“我以為,只有我退讓、我不停的退讓,老師就會心軟,就會原諒我,就會回到我身邊的”
他的笑容從燦爛一瞬到陰森,聲音驟然拔高,與此同時劍尖刺破了血肉,那痛是突然而劇烈的,殷今朝掌控著力道,劍尖只是割破了血肉就猝然停下不前。
“老師,疼嗎”殷今朝死死握住長劍,隔的那樣近,楚倦甚至能看見他手掌凸起的青筋和已然扭曲的眉眼。
不知為何楚倦突然分不清楚到底是今生的殷今朝瘋還是前世的殷今朝更瘋。
“老師,我問你,疼嗎”
他已經近乎嘶吼了,可是他面前的人只是皺著眉頭,不肯回答他,他像是根本感受不到疼一樣沒有任何閃避,沒有任何求饒,就好像這世上本就沒有任何他掛念的東西。
“老師,你是不是真的不會疼可我疼啊,今朝好疼”直到這一刻他的聲音才低弱下來,他的手顫抖的沒有辦法穩住,那劍尖就那樣活生生的攪動著楚倦的血肉。
疼的徹夜難眠,疼的恨你入骨,等到我都已經快要放棄了,可是你還要騙我。
“老師,是你給我寫信,是你說只要我聽話,就能原諒我的,我知道錯了,今朝知道錯了,可是,是你說會來看我的啊”
可是沒有,他被囚在深山那么長的日子,養傷哪怕傷勢復發疼的死去活來老師都沒有來看過他,一次都沒有。

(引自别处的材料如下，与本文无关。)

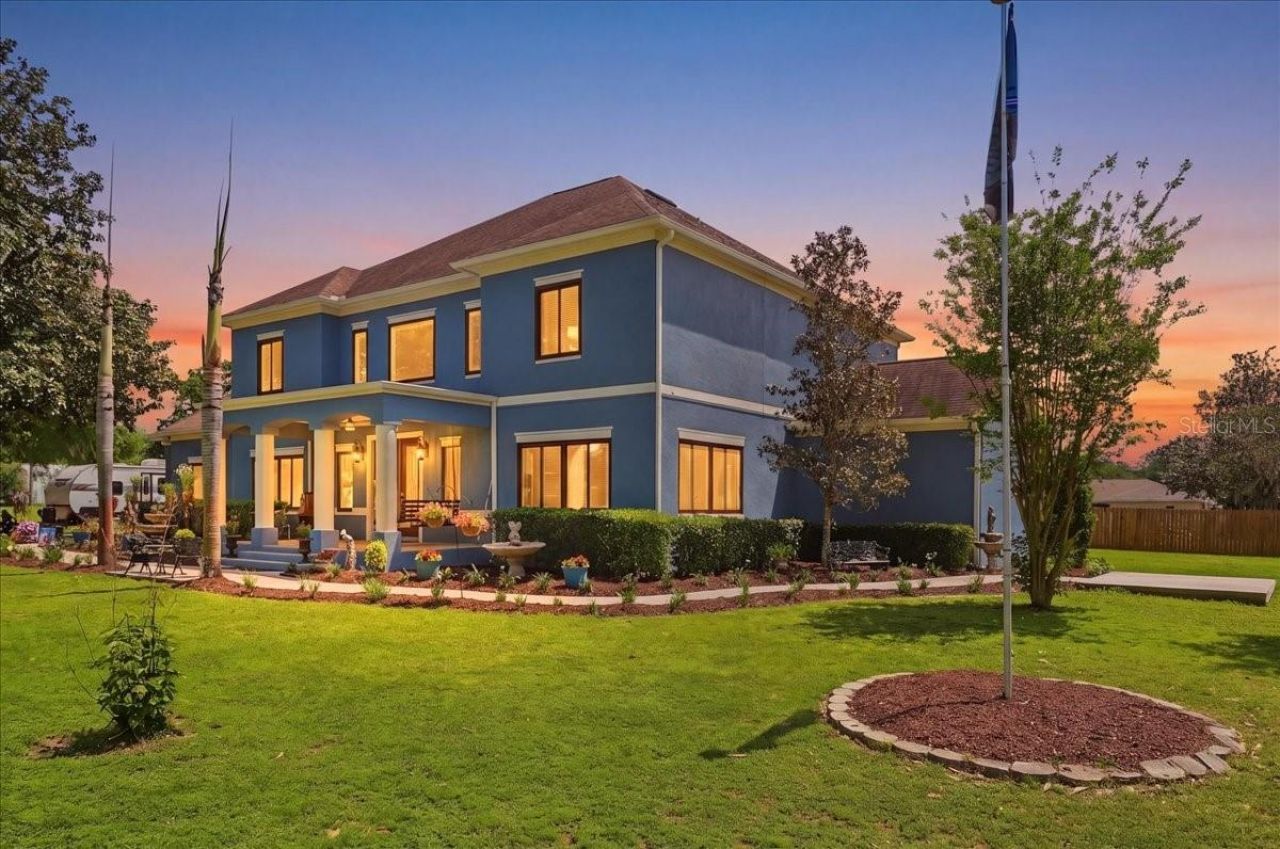 This luxury estate in North Lakeland, Central Florida sits on 1.95 acres on a quiet, private drive with only seven homes. The property is zoned for horses and approved for a home-based business. The home welcomes you with 8-foot French doors opening to a grand foyer and soaring 25-foot ceilings in the main living area. Enormous windows flood the open floor plan with natural light. Architectural details include arches, columns, and a stone half wall separating the foyer from the living area. The living room features vaulted and cathedral ceilings, double doors to the backyard, and a gas fireplace with a stylish two-tone gray brick/tile surround that perfectly complements the gray tile floors. The remodeled kitchen features quartz countertops, solid wood cabinetry including glass-front cabinets, and a tiled backsplash that matches the fireplace, creating a cohesive design. Additional highlights include a dry bar with built-ins and microwave, and a kitchen island with a sink and extra cabinetry. The stainless steel appliances include a double oven, dishwasher, and large refrigerator. An attached eating area with a chandelier, large windows, and sliding doors to the backyard creates a bright, airy space. The first floor also offers a formal dining room, a convenient half bath, and an office/den with abundant windows and a closet that could also serve as an extra bedroom. In addition, there is a separate laundry room with ample cabinetry, countertops, and a utility sink, with a door leading to the garage, and a dual laundry chute connecting the upstairs bedrooms directly to the laundry room. The primary suite on the first floor boasts a walk-in closet and an ensuite bathroom with dual sinks, garden tub, separate walk-in shower, and built-in shelving. Upstairs, a spiral staircase leads to a balcony overlooking the main living space. Additional bedrooms are connected by a Jack and Jill bathroom with enormous walk-in closet, and there is a huge bonus room. Ceiling fans are installed throughout the home, and window treatments along with hurricane/impact-resistant Andersen windows provide both elegance and protection. Outdoor living is enhanced by two covered porches, a side patio, a partially fenced backyard, a 50-amp RV hook-up, a utility shed with electricity, an oversized garage, an irrigation system, professionally landscaped grounds, and a new well installed in 2025. Additional features include electronic blinds, Ring security cameras, a newer roof (2021), three A/C units (2022), upgraded attic insulation (2023), and a 74-gallon propane water heater. Ideally located minutes from Publix, shopping, and dining, and right off Kathleen Rd with easy access to I-4, Tampa, Orlando, and 570, this property offers the perfect blend of rural tranquility and city convenience. Please note the following items will not convey with the sale: fountains, garage rack system, mounted TVs, gray shed in the backyard (not attached), countertop microwave, front porch swing, and hanging plant baskets and staghorns. Additional note: Seller is willing to remove the dog pen in the front yard prior to closing if the buyer does not want it.

到了此刻他才像是忍不住爆發了,整個人近乎聲嘶力竭,偏偏聲音還是溫柔的。
“我以為、我以為只要我做的夠多你就能回頭看我的,可是還不夠嗎還不夠嗎我愿意拱手相讓帝位,讓你挾天子以令諸侯,我把自己的命都給你了啊老師,你卻還要拋棄我,你要同旁人成婚”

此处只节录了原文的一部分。